Consider the following DataFrame, evs, which has 32 rows total.

No description has been provided for this image

And consider the pivot table that contains the distribution of “BodyStyle” for all “Brands” in evs, other than Nissan.

evs.pivot_table(index='Brand', columns='BodyStyle', values='BodyStyle', aggfunc='count').

No description has been provided for this image
Suppose we ran the following lines of code:

tesla = evs[evs.get("Brand") == "Tesla"]

bmw = evs[evs.get("Brand") == "BMW"]

audi = evs[evs.get("Brand") == "Audi"]

Question: How many rows does the DataFrame combo have?

combo = tesla.merge(bmw, on="BodyStyle").merge(audi, on="BodyStyle")

Hint: When we leave the how parameter empty, .merge defaults to an inner join.

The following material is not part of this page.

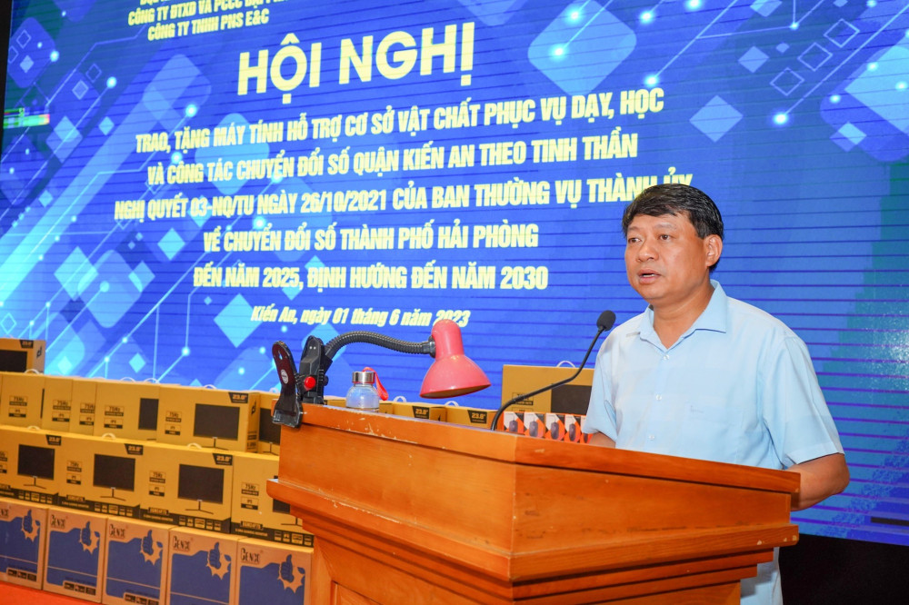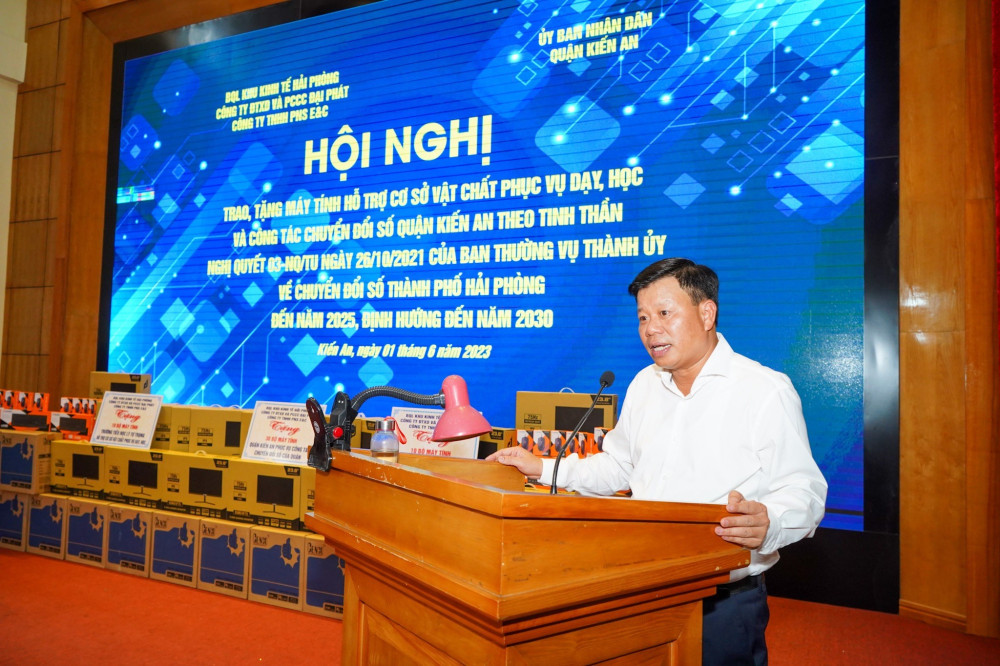 Phát biểu tại Hội nghị, đồng chí Phạm Văn Khanh, Bí thư Quận ủy, Chủ tịch HĐND quận Kiến An cảm ơn sự quan tâm của của Ban Quản lý Khu kinh tế Hải Phòng cùng các doanh nghiệp đã trao tặng máy tính hỗ trợ công tác phục vụ dạy, học và chuyển đổi số của quận. Đồng chí cam kết sẽ lãnh đạo, chỉ đạo sử dụng hiệu quả máy tính được trao, tặng để đẩy nhanh quá trình chuyển đối số của quận, cũng như phục vụ tốt ứng dụng công nghệ thông tin trong công tác dạy và học tại các nhà trường.

Click here to see the answer to the previous activity.

Answer: 35¶

First, we need to determine the number of rows in tesla.merge(bmw, on="BodyStyle"), and then determine the number of rows in combo. For the purposes of the solution, let’s use temp to refer to the first merged DataFrame, tesla.merge(bmw, on="BodyStyle").

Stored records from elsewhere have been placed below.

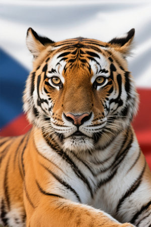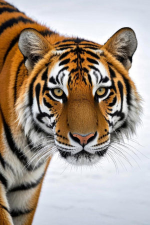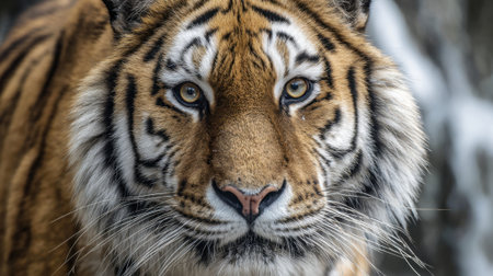 Close-up portrait of a magnificent tiger, its intense gaze captivating. A stunning wildlife photograph.
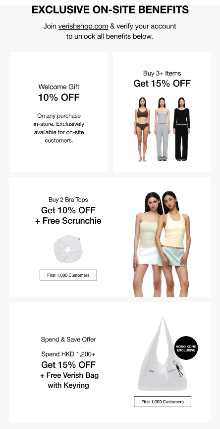只要在現場加入 verishshop.com 會員並驗證帳戶,即可解鎖以下限時優惠:
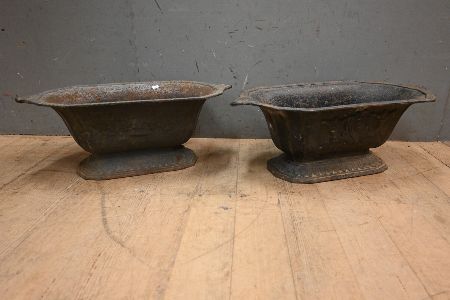 PAIR OF FRENCH CAST IRON PLANTER POTS WITH RAISED FLORAL MOTIF TO SIDE (24H X 62W X 33D CM) (LEONARD JOEL DELIVERY SIZE: LARGE)
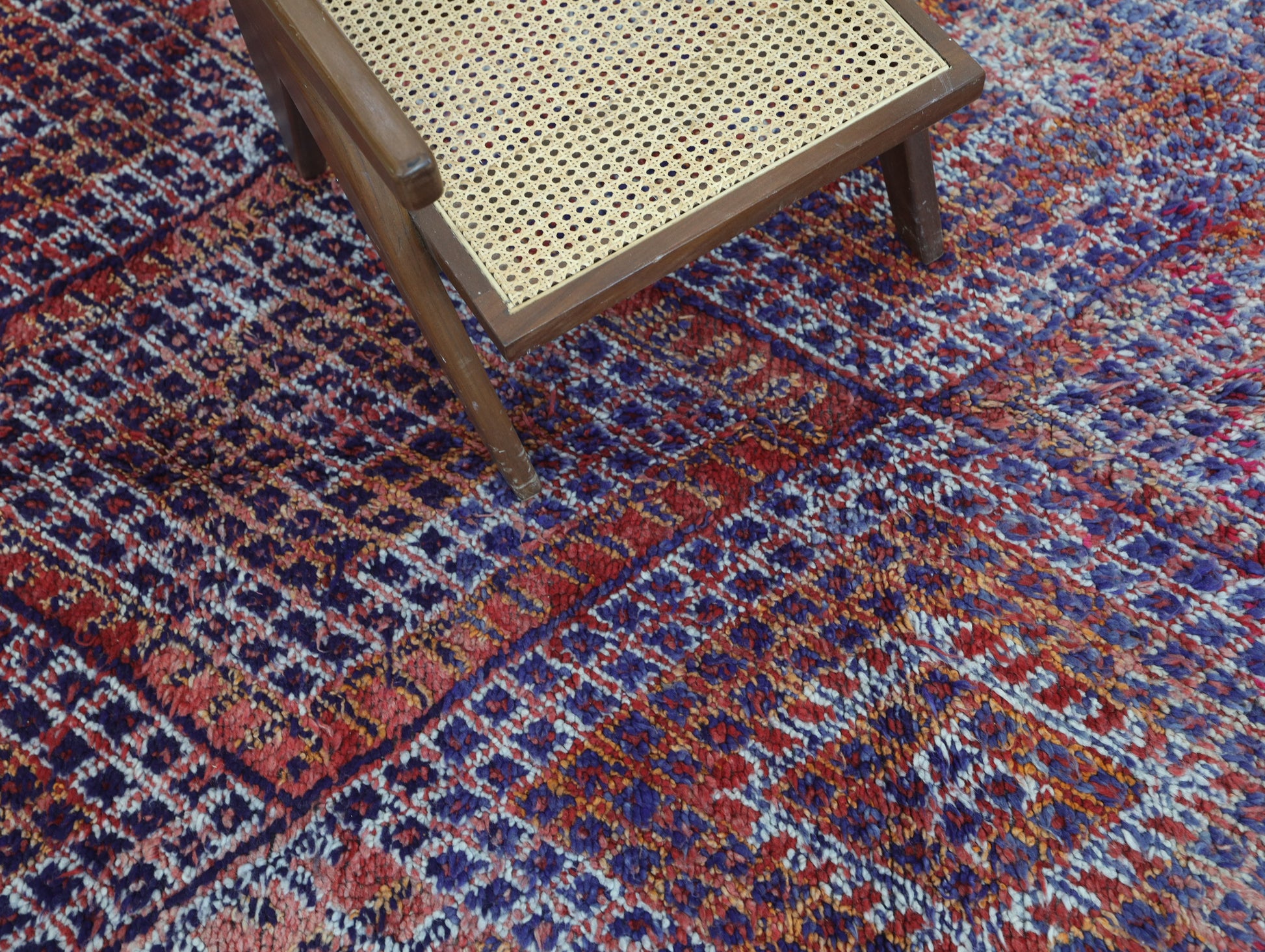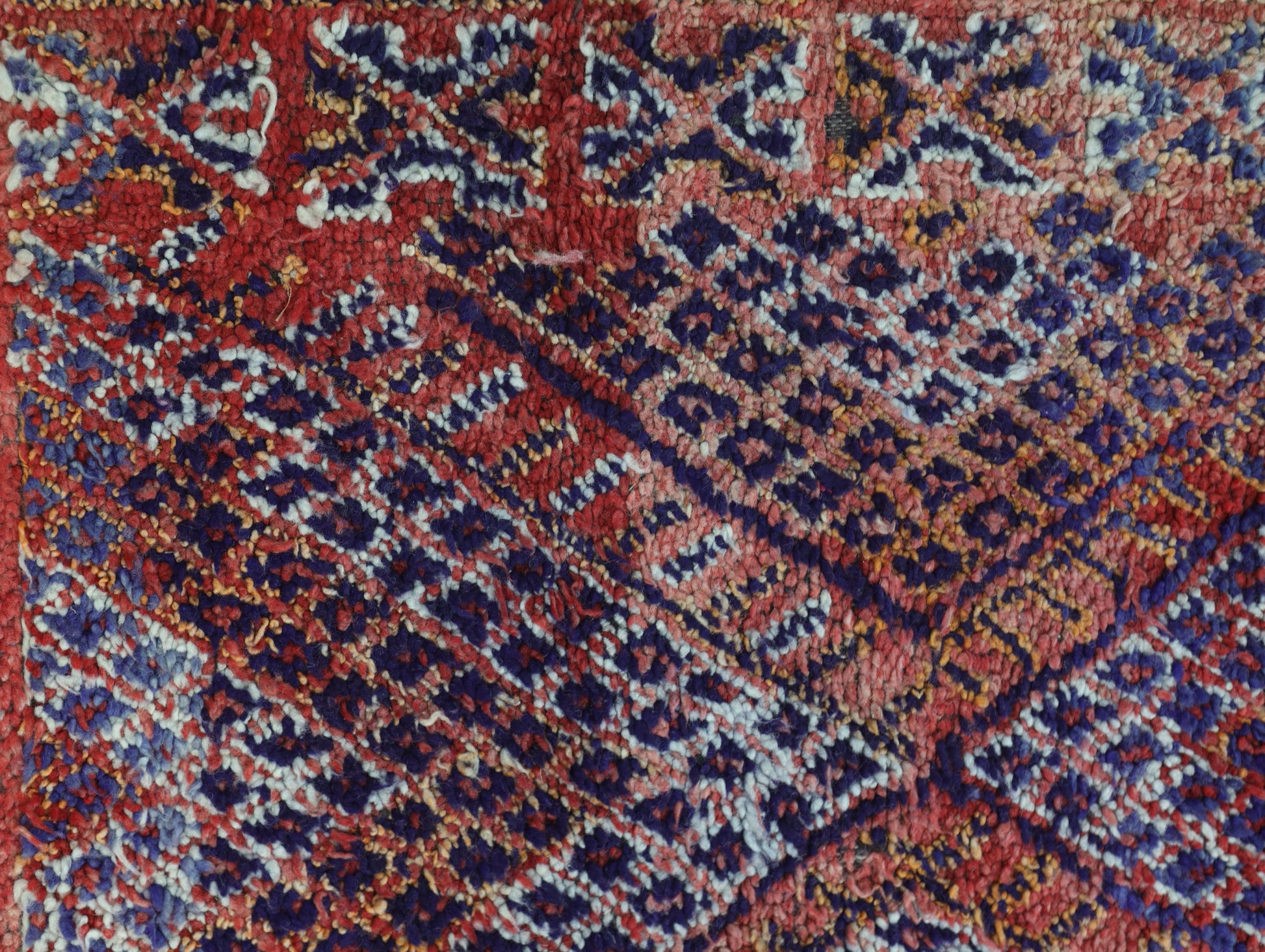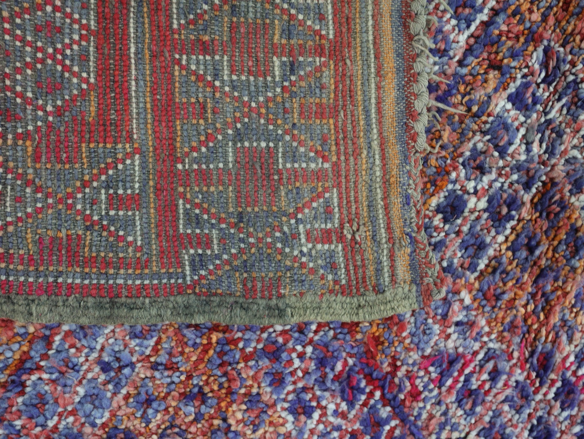 Originating in the Holy town of Boujad, these rugs, woven by diverse tribes, exhibit a wide spectrum of color, composition, and weave. Described as surreal, mystic, and mesmerizing, Boujad rugs transport us to a world beyond reality. Their construction, with twice as many horizontal as vertical knots, renders them floppy and easy to move.

Step 1: Merging Tesla and BMW (temp)¶

When merging two DataFrames, the resulting DataFrame (temp) contains a row for every match between the two columns being merged, while rows without matches are excluded. In this case, the column of interest is BodyStyle.

Matches Between Tesla and BMW:¶

  • SUV: Tesla has $4$ rows for "SUV", and BMW has $1$ row for "SUV".
    $$ 4 \times 1 = 4 \text{ SUV rows in } temp $$
  • Sedan: Tesla has $3$ rows for "Sedan", and BMW has $1$ row for "Sedan".
    $$ 3 \times 1 = 3 \text{ Sedan rows in } temp $$

Thus, the total number of rows in temp is: $$ 4 + 3 = 7 \text{ rows} $$

Step 2: Merging temp with Audi (combo)¶

Now, we merge temp with the Audi DataFrame, again on BodyStyle. Each row in temp matches with rows in Audi based on the same "BodyStyle".

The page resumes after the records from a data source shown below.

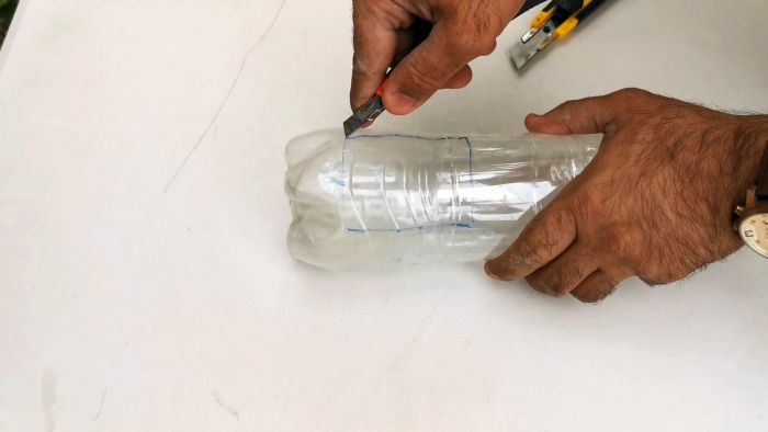 Берем бутылку и отклеиваем у нее все этикетки. Далее маркером рисуем окно с треугольников в верху дна. Этот треугольник как раз и будет помогать срывать плод с дерева.
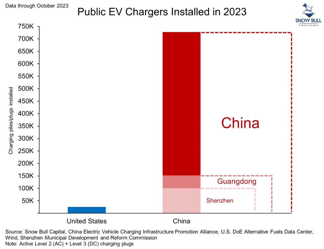 如上所述,值得注意的是大多数美国人在家里而不是在公共场所充电......我想美国并没有试图在充电桩数量上接近中国。
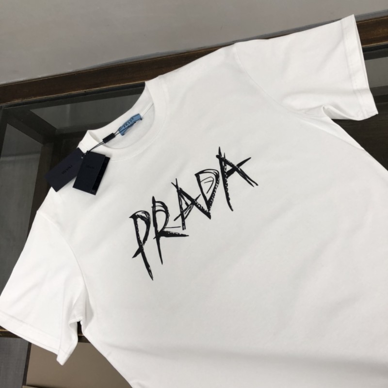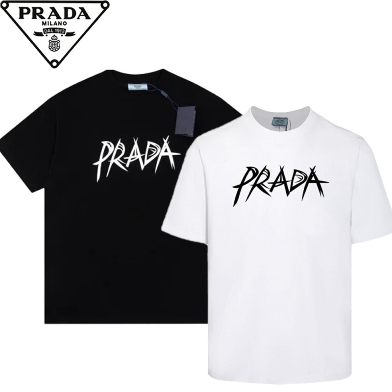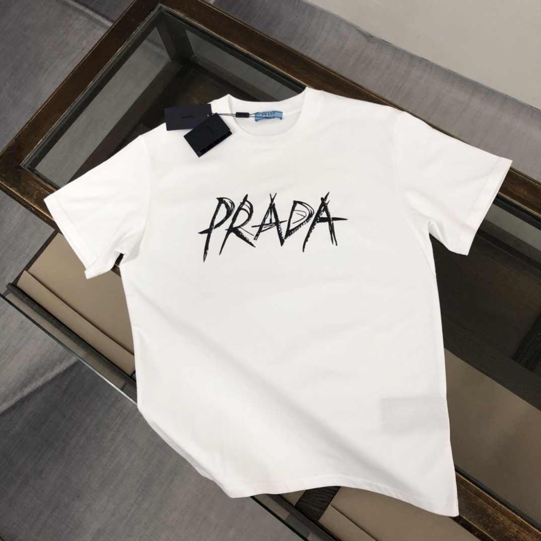PRADA PRADA クラシックファッション 黒と白 カジュアル ラウンド 半袖 Tシャツ
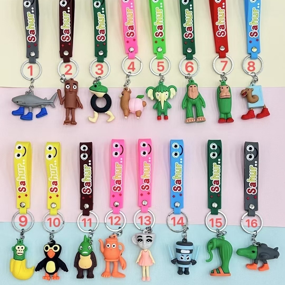 Gantungan Gantungan Kunci Kartun Hewan Klasik Gunung dan Laut Baru Diproduksi PVC Lem Lembut Tongkat Kayu Orang untuk Mengenakan Sepatu Hiu Tas Hiu
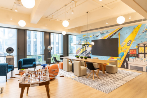 走进前海首个人工智能OPC社区,第一印象便是颠覆传统。这里没有冷静克制的格子间,取而代之的是大面积的色块拼接、艺术涂鸦墙,随处可见的静音舱、交流区、灵感实验室,以及“日咖夜酒”休闲吧。
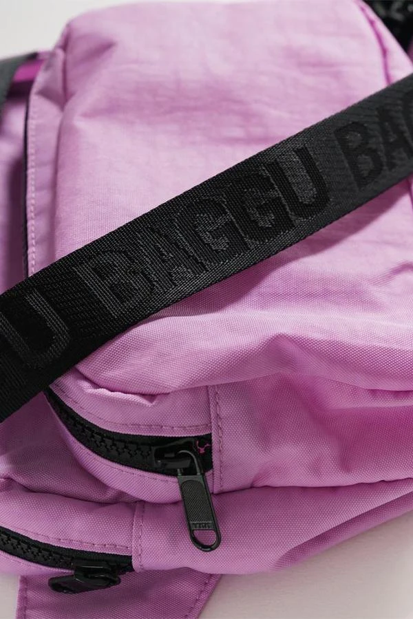 A hands-free bag to wear across the body, over the shoulder or around the waist. Adjustable tonal logo strap with buckle closure. Durable, heavyweight nylon exterior with ripstop lining for easy cleaning.
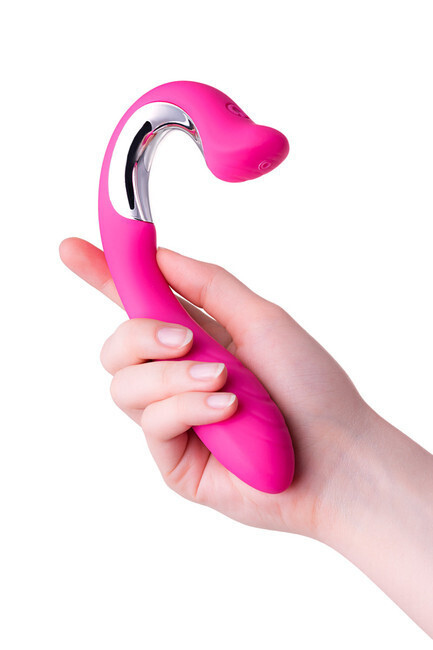 Эргономичный вибратор с анатомическим изгибом для точечной стимуляции чувствительных зон. Два независимых мотора обеспечивают 10 вариантов вибрации — от нежных пульсаций до интенсивных волн.
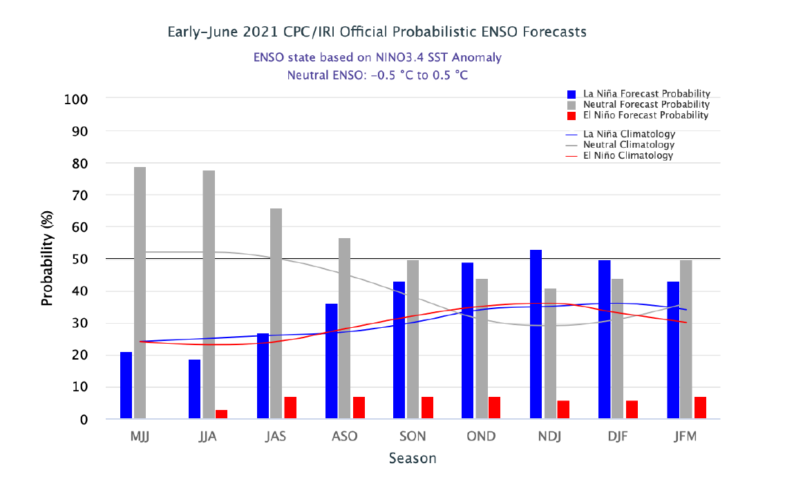 Conforme prognóstico do Instituto Nacional de Meteorologia (Inmet), o inverno de 2021 deverá manter o padrão de neutralidade no Oceano Pacífico Tropical, com uma probabilidade de 75% de manutenção da fase de neutralidade registrada desde abril.

Matches Between temp and Audi:¶

  • SUV: temp has $4$ rows for "SUV", and Audi has $8$ rows for "SUV".
    $$ 4 \times 8 = 32 \text{ SUV rows in } combo $$
  • Sedan: temp has $3$ rows for "Sedan", and Audi has $1$ row for "Sedan".
    $$ 3 \times 1 = 3 \text{ Sedan rows in } combo $$

Thus, the total number of rows in combo is: $$ 32 + 3 = 35 $$

Note: You may notice that 35 is the result of multiplying the "SUV" and "Sedan" columns in the DataFrame provided, and adding up the results.